大分市、生成AIの業務活用手引を作成 全職員に配布「発展的な使い方を」【大分県】

生成AI活用の手引を紹介する大分市職員
大分市の生成AI活用の手引。精度の高い回答を得るための方法などをまとめた

 【大分】大分市は、質問に応じて文章などを自動で作る生成AI(人工知能)を業務に活用するための手引を作った。精度の高い回答を得る方法や使用上の注意をまとめた。生成AIを「業務の効率化や新たなアイデアの創出、負担軽減に役立つ技術」と評価し、積極的な利用を促す。

 9月28日に全職員に配布した。「あいさつ文の作成」「研修会の進め方のアイデア出し」など具体例を挙げ、生成AIに指示(質問)する際のポイントや、AIからの回答例を載せている。

 説明会の案内文を作るケースでは、「立場や目的、対象などを指定して質問をすると精度を高めやすい」と助言する。

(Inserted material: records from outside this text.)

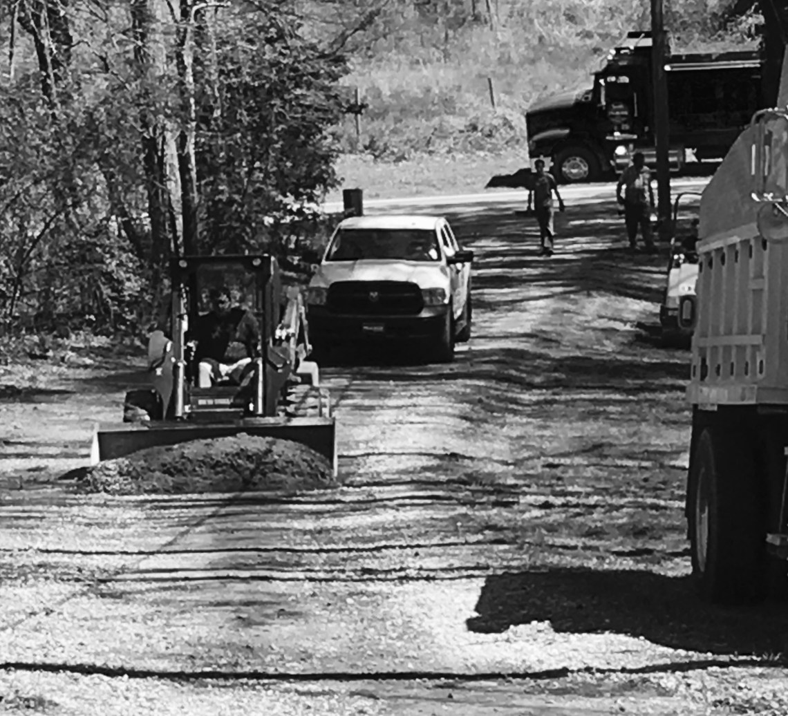 We live in a small town, and we like. Today we were reminded why we enjoy living where we live. Benny dropped by. Actually he pulled up in his shiny, white pick up truck and starting talking to my husband. Next thing I know they were both walking over to me. I heard them say, “Gotta talk to the wife.” Long story short, Benny resurfaces ‘country’ driveways. He grades them, then uses a steam roller to level it all out. Then hot tar is poured all over the space, then covered with small gravel. He had been working on a job near us, and had leftovers. He noticed our beat up gravel drive and wondered if we would be interested in him finishing his day by resurfacing our driveway. Fifteen minutes later his crew of nine arrived and started the process. Within one hour they were done, it looked great, and we were more than satisfied with the end result.
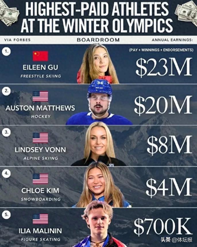 近日,商業媒體福布斯發佈了本屆冬奧會運動員收入排行榜前五名,谷愛凌以2300萬美元的收入排名第一。
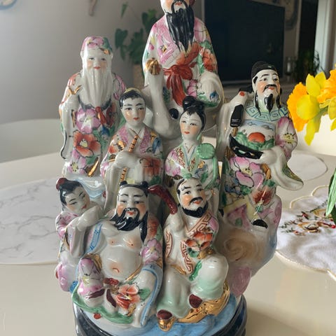 Chinese Ceramic Statue Immortal General Kwan Holding Reishi Fungus Moriage with Removeable Headpiece Ornaments
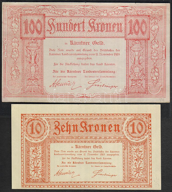 Ausztria/Szövetségi Államok/Karintia 1918. 10K T:I- + 100K T:II+ Csak ... https://www.darabanth.com/hu/52-Gyorsarveres/52.0/Numizmatika/NUMIZMATIKA-NUMISMATICS~247/AusztriaSzovetsegi-AllamokKarintia-1918-10K-TI-plus-100K-TIIplus-Csak-egyszer-hajtva~II101589

1回目の回答で得た文章に対して「指定の文字数で要約する」など条件を絞り込み、希望する回答に近づける方法を伝えている。

 市によると、7~8月にかけて、関連部署の職員32人によるチームをつくり、機能や会話形式などが異なる「チャットGPT」「ビングAI」など複数の生成AIのサービスを検証した。基本的な操作方法を学んだ上で、精度の高い回答を得られる質問や活用が見込める市の業務を調べた。

 手引に使った文章や画像は実際にチャットGPTなどを用いて作った。「注意点の羅列だけで終わらず、発展的な使い方ができるような内容を目指した」(情報政策課)という。

 生成AIは使用に際し、▽既存の著作物に類似した生成物を利用することによる著作権侵害▽入力した個人情報の流出―などのリスクがある。生成物の内容が不正確な場合もあり、利用には慎重さも求められる。市の手引ではこうした注意点も伝えている。

 市は手引を市ホームページで公開している。31日には職員向けの研修会で活用するという。情報政策課は「正しく扱えば、新しい観点を与えてくれる技術。有効に使っていきたい」と話した。

     

<メモ>

 生成AIは膨大なデータを学習し、利用者の求める文章や画像、音声などを作る。米大手IT企業が開発し、既存ソフトと連携したサービスにも力を入れている。県内でも複数自治体が業務・サービスへの活用に向けて調査研究している。